## TASK REQUIREMENTS
Output the whole listing exactly, with no pictures.

DATA EXTRACT: Begin

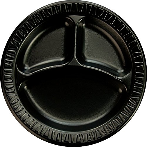 SOLO 9CPBQR Laminated Foam Plate, Compartmented, 9" Diameter, Black (Case of 500)
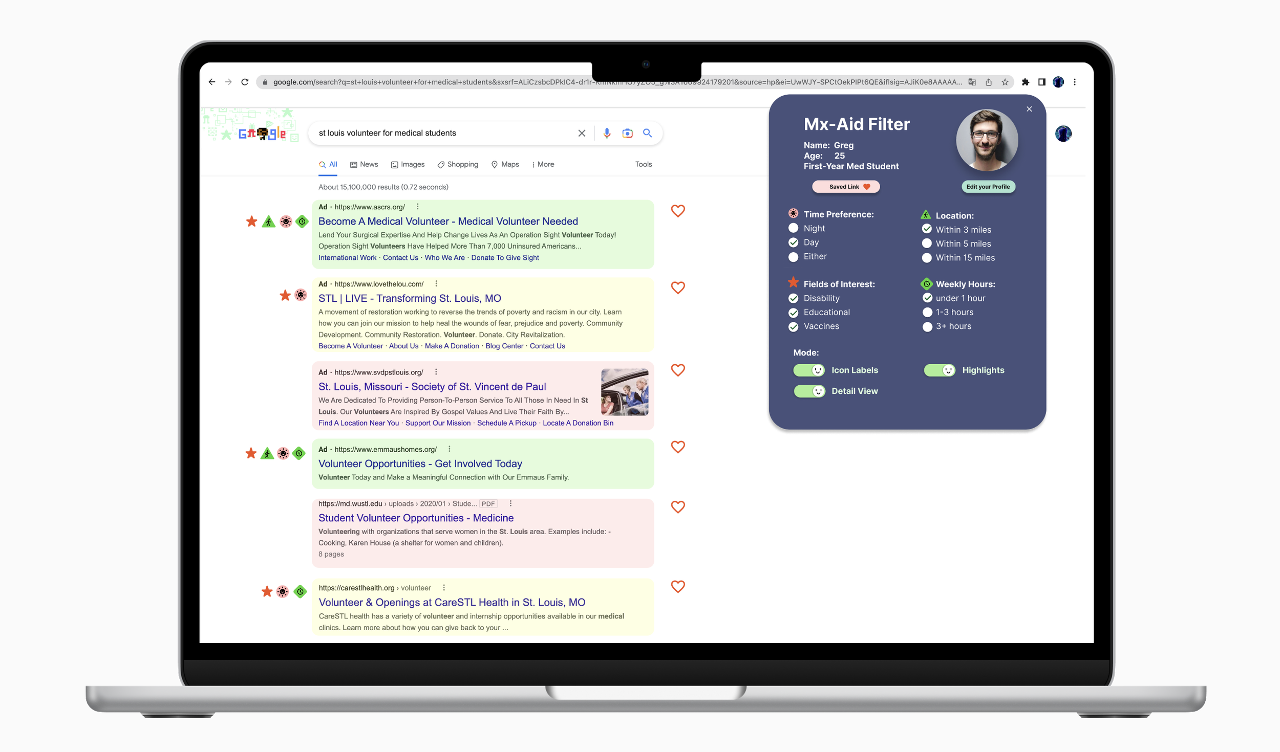 Our research revealed that while numerous opportunities exist, medical students often struggle with factors such as time management and finding the right organizational fit during their demanding academic schedules. This led us to design and prototype our final product: a Chrome extension (‘Mx-Aid Filter'‘) that streamlines the volunteer search process through intelligent filtering and compatibility indicators. (product presentation slides)
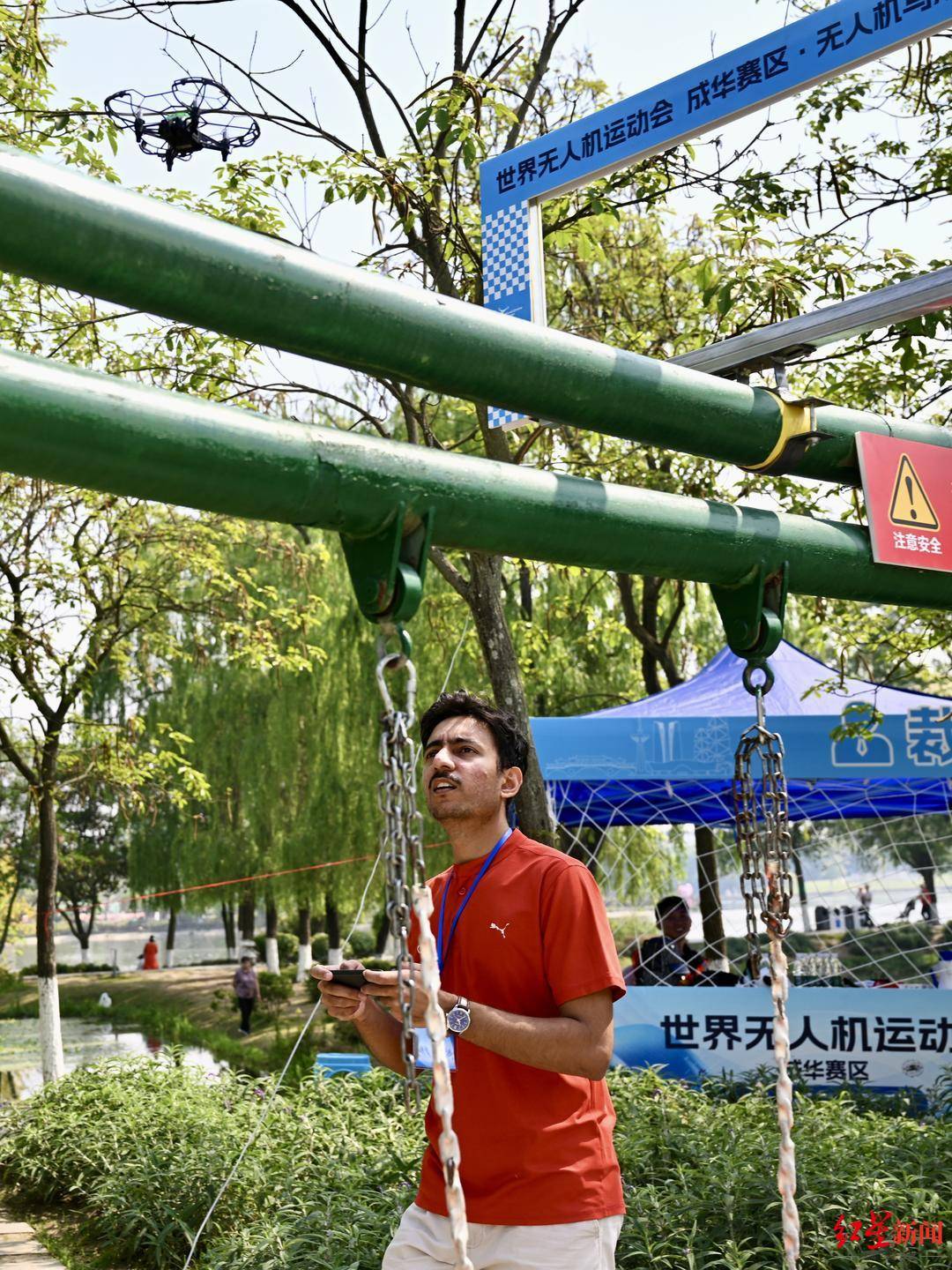 4月25日,世界无人机运动会压轴赛项——无人机马术赛在成华赛区北湖生态公园举行,来自世界各国的选手们齐聚湖边,每一次精彩的操作,都引得快门声不断、赢得阵阵欢呼。
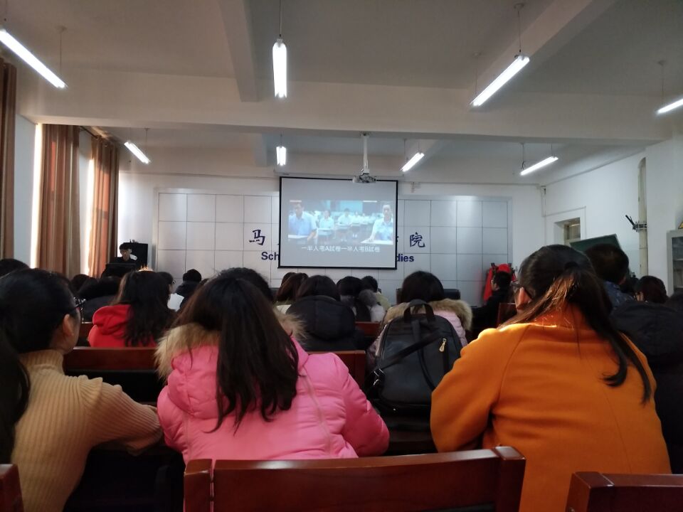 2017年12月27日下午,我院在腾飞楼C517举行本学期考风考纪教育大会,本次教育大会的主题是“微笑迎考,真诚应考”,学工办老师及我院大一年级全体同学参加了此次教育大会。
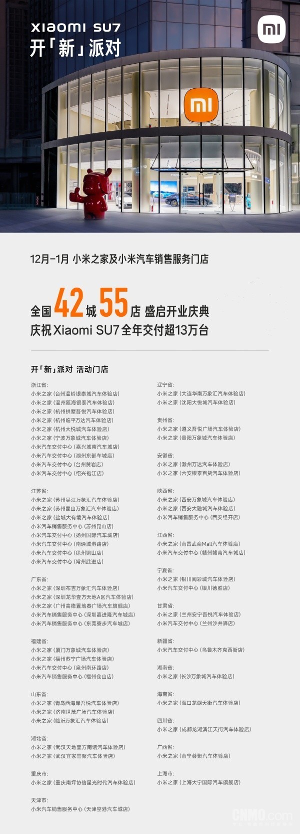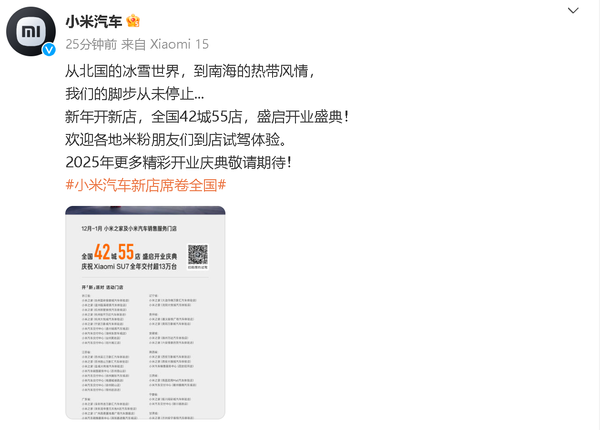 【CNMO科技消息】从北国的冰雪世界,到南海的热带风情,小米汽车的脚步从未停止。1月2日,小米汽车官方宣布,12月-1月,小米之家及小米汽车销售服务门店全国42城55店盛启开业盛典,庆祝小米SU7全年交付超13万台。“欢迎各地米粉朋友们到店试驾体验,2025年更多精彩开业庆典敬请期待”。

DATA EXTRACT: End

## ANSWER FOR THE TASK
 SOLO 9CPBQR Laminated Foam Plate, Compartmented, 9" Diameter, Black (Case of 500)
 Our research revealed that while numerous opportunities exist, medical students often struggle with factors such as time management and finding the right organizational fit during their demanding academic schedules. This led us to design and prototype our final product: a Chrome extension (‘Mx-Aid Filter'‘) that streamlines the volunteer search process through intelligent filtering and compatibility indicators. (product presentation slides)
 4月25日,世界无人机运动会压轴赛项——无人机马术赛在成华赛区北湖生态公园举行,来自世界各国的选手们齐聚湖边,每一次精彩的操作,都引得快门声不断、赢得阵阵欢呼。
 2017年12月27日下午,我院在腾飞楼C517举行本学期考风考纪教育大会,本次教育大会的主题是“微笑迎考,真诚应考”,学工办老师及我院大一年级全体同学参加了此次教育大会。
 【CNMO科技消息】从北国的冰雪世界,到南海的热带风情,小米汽车的脚步从未停止。1月2日,小米汽车官方宣布,12月-1月,小米之家及小米汽车销售服务门店全国42城55店盛启开业盛典,庆祝小米SU7全年交付超13万台。“欢迎各地米粉朋友们到店试驾体验,2025年更多精彩开业庆典敬请期待”。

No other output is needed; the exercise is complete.